◆ **AIM OF THE TASK**:
Exactly as written, set down each line of the data below except its pictures.

◆ **DATA PROVIDED**:
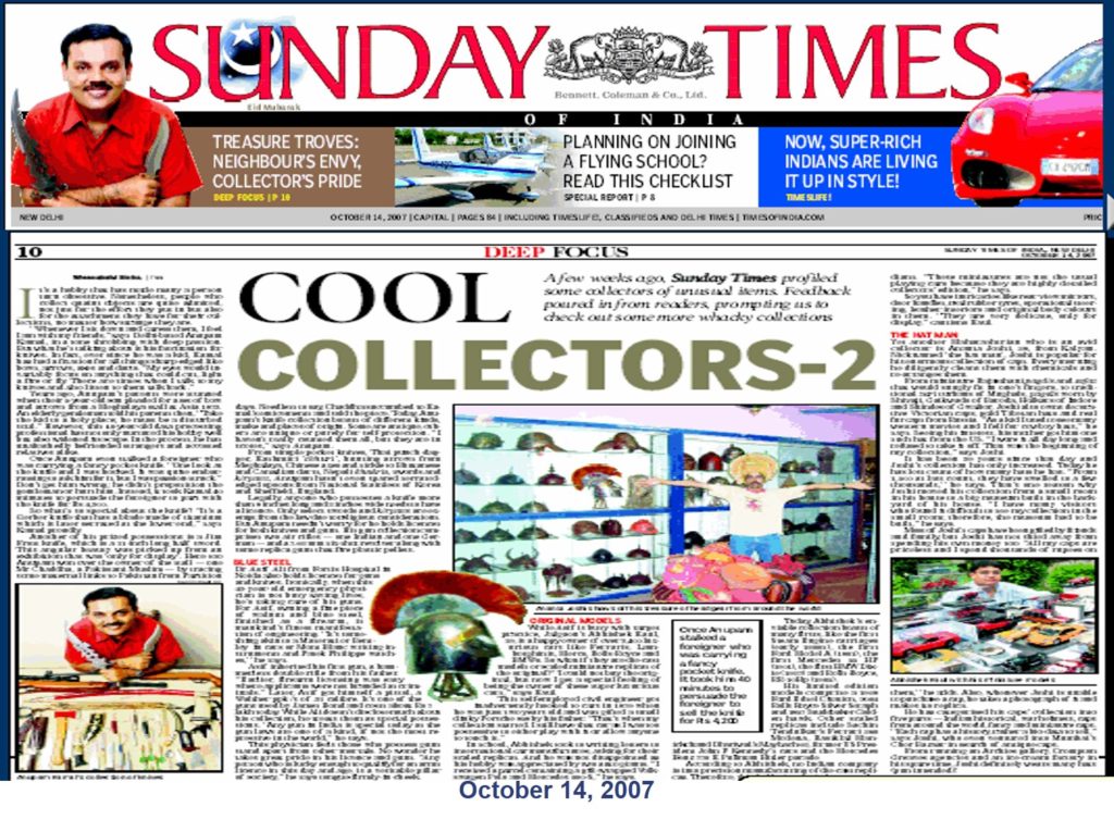 - Machirologist & Blade Collector – National Record holder in Limca Book of Records for India’s largest collection of knives
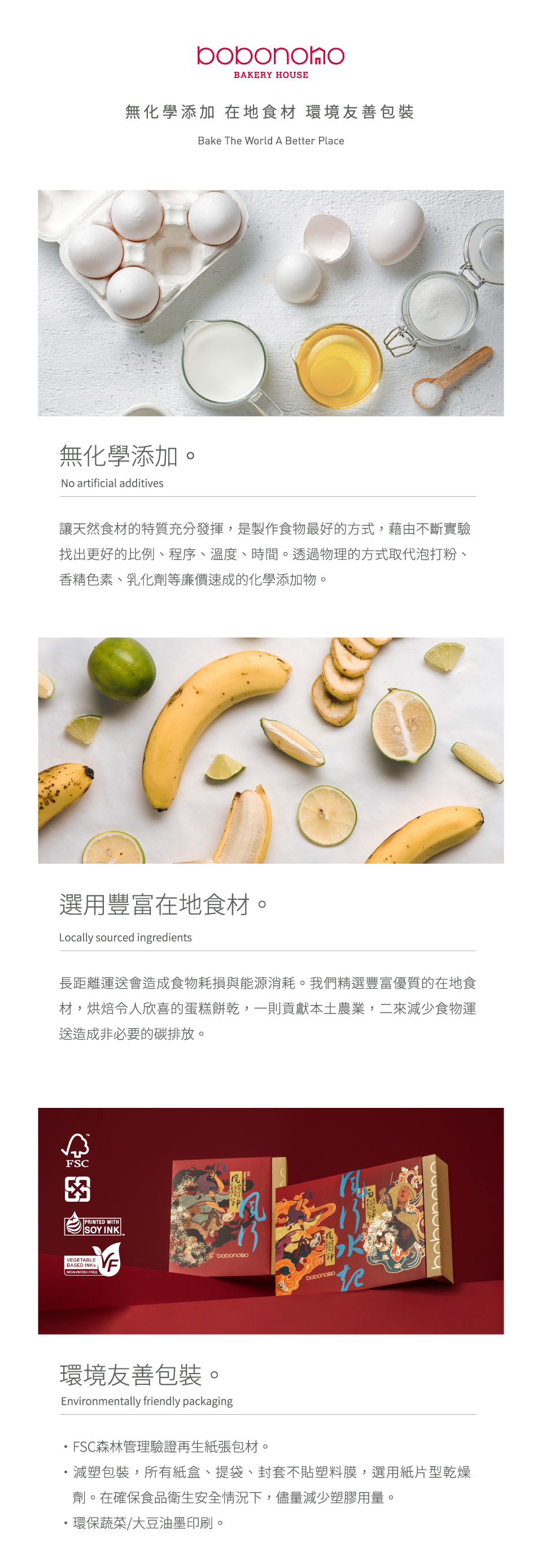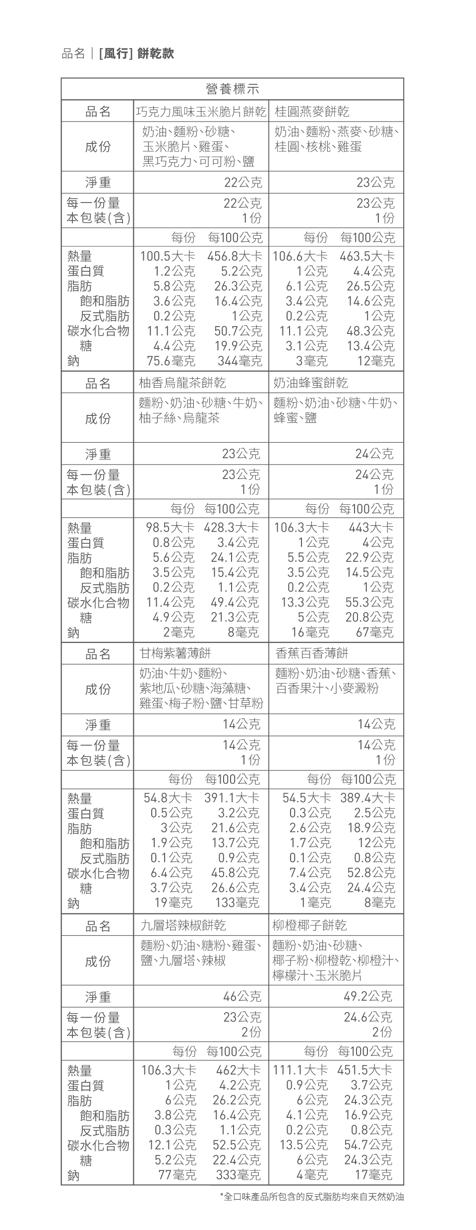 過敏原 | 品項皆含麩質穀物(麵粉)、乳製品及雞蛋(除餅乾:柳橙椰子、柚香烏龍、奶油蜂蜜、香蕉百香不含雞蛋),桂圓燕麥、柳橙椰子含堅果,巧克力玉米、柳橙椰子含大豆。
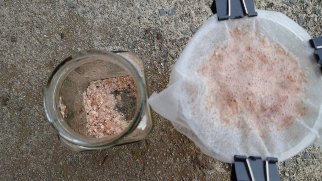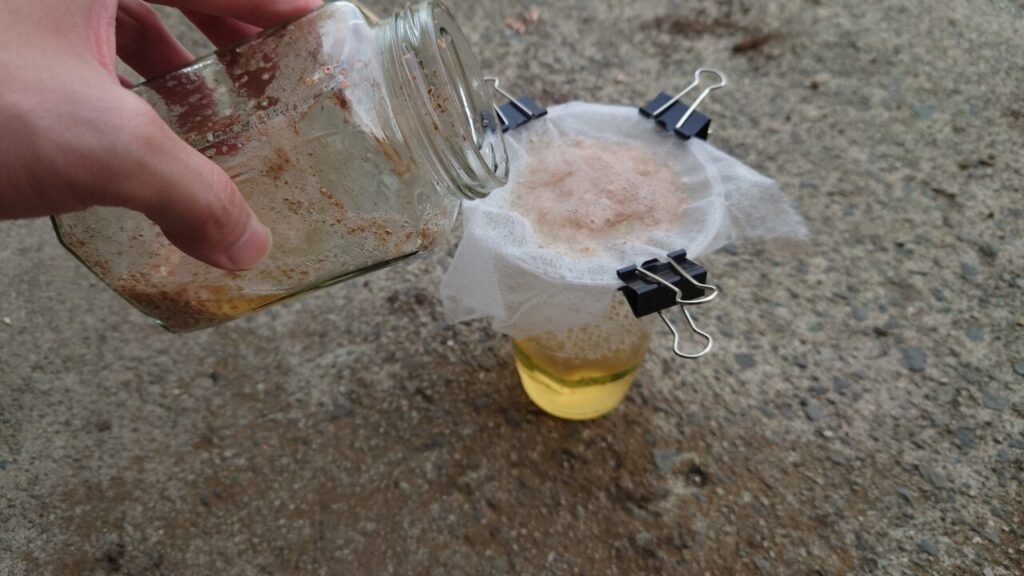 2時間後、反応が弱くなったので濾していきます。コーヒーのドリップ紙を家に取り行くのが面倒だったので、その辺にあった園芸用の不織布を引き千切って使用。(`・ω・´)ワイルドだろう~

◆ **ANSWER AREA**:
 - Machirologist & Blade Collector – National Record holder in Limca Book of Records for India’s largest collection of knives
 過敏原 | 品項皆含麩質穀物(麵粉)、乳製品及雞蛋(除餅乾:柳橙椰子、柚香烏龍、奶油蜂蜜、香蕉百香不含雞蛋),桂圓燕麥、柳橙椰子含堅果,巧克力玉米、柳橙椰子含大豆。
 2時間後、反応が弱くなったので濾していきます。コーヒーのドリップ紙を家に取り行くのが面倒だったので、その辺にあった園芸用の不織布を引き千切って使用。(`・ω・´)ワイルドだろう~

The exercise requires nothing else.